◆ Excerpted records ◆
- Opening Delimiter -

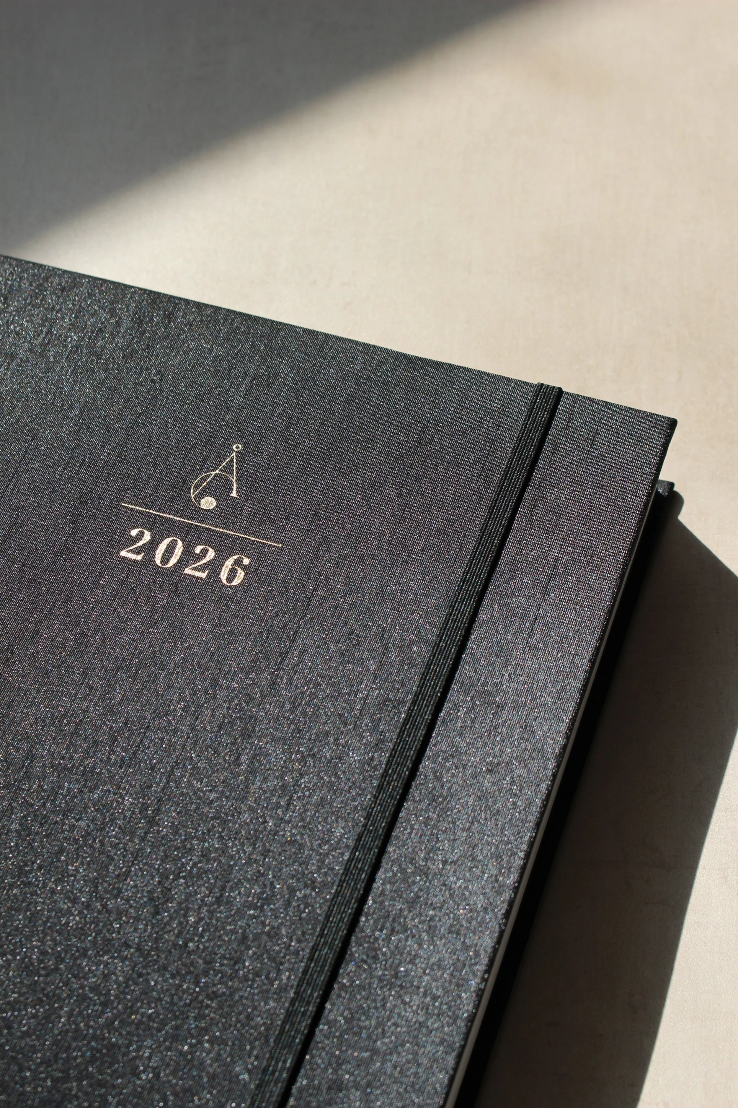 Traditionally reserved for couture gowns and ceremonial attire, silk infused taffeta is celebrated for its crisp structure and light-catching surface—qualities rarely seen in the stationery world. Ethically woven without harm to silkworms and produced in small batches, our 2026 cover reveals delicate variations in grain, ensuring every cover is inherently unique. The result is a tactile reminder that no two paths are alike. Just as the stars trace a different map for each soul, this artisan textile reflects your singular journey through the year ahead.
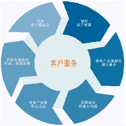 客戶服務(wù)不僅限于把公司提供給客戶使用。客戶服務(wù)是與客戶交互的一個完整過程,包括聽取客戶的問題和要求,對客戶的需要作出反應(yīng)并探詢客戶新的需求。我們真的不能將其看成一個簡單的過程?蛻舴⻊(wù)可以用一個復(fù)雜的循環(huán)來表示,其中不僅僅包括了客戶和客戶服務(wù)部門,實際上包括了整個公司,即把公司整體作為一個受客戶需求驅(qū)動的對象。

- Closing Delimiter -
- Opening Delimiter -

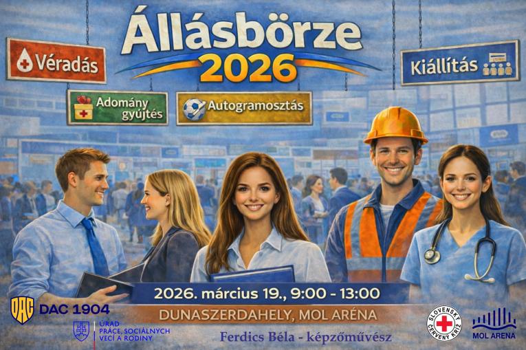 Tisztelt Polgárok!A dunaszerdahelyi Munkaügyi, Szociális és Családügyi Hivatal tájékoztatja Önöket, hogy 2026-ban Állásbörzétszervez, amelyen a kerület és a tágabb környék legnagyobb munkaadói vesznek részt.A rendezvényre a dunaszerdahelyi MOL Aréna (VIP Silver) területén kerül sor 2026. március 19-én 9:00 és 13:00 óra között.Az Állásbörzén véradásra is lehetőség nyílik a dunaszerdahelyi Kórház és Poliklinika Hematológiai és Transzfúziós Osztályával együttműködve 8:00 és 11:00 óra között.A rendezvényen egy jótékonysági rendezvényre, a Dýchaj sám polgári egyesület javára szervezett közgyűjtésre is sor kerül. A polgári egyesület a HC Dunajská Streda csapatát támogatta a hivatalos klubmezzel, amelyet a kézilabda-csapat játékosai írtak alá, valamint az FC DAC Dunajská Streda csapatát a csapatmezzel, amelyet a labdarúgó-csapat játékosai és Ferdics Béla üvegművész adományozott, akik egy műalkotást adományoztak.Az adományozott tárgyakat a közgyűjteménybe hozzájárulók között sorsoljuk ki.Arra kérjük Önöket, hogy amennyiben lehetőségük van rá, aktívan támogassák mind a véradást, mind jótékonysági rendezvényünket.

- Closing Delimiter -

◆ How to complete this task ◆
Only one stretch of the listing above is to be duplicated: the lines from the one containing "Traditionally reserved for" through the one containing "客戶服務(wù)不僅限于把公", both included. Copy them exactly, minus the pictures.

◆ Answer section ◆
 Traditionally reserved for couture gowns and ceremonial attire, silk infused taffeta is celebrated for its crisp structure and light-catching surface—qualities rarely seen in the stationery world. Ethically woven without harm to silkworms and produced in small batches, our 2026 cover reveals delicate variations in grain, ensuring every cover is inherently unique. The result is a tactile reminder that no two paths are alike. Just as the stars trace a different map for each soul, this artisan textile reflects your singular journey through the year ahead.
 客戶服務(wù)不僅限于把公司提供給客戶使用。客戶服務(wù)是與客戶交互的一個完整過程,包括聽取客戶的問題和要求,對客戶的需要作出反應(yīng)并探詢客戶新的需求。我們真的不能將其看成一個簡單的過程?蛻舴⻊(wù)可以用一個復(fù)雜的循環(huán)來表示,其中不僅僅包括了客戶和客戶服務(wù)部門,實際上包括了整個公司,即把公司整體作為一個受客戶需求驅(qū)動的對象。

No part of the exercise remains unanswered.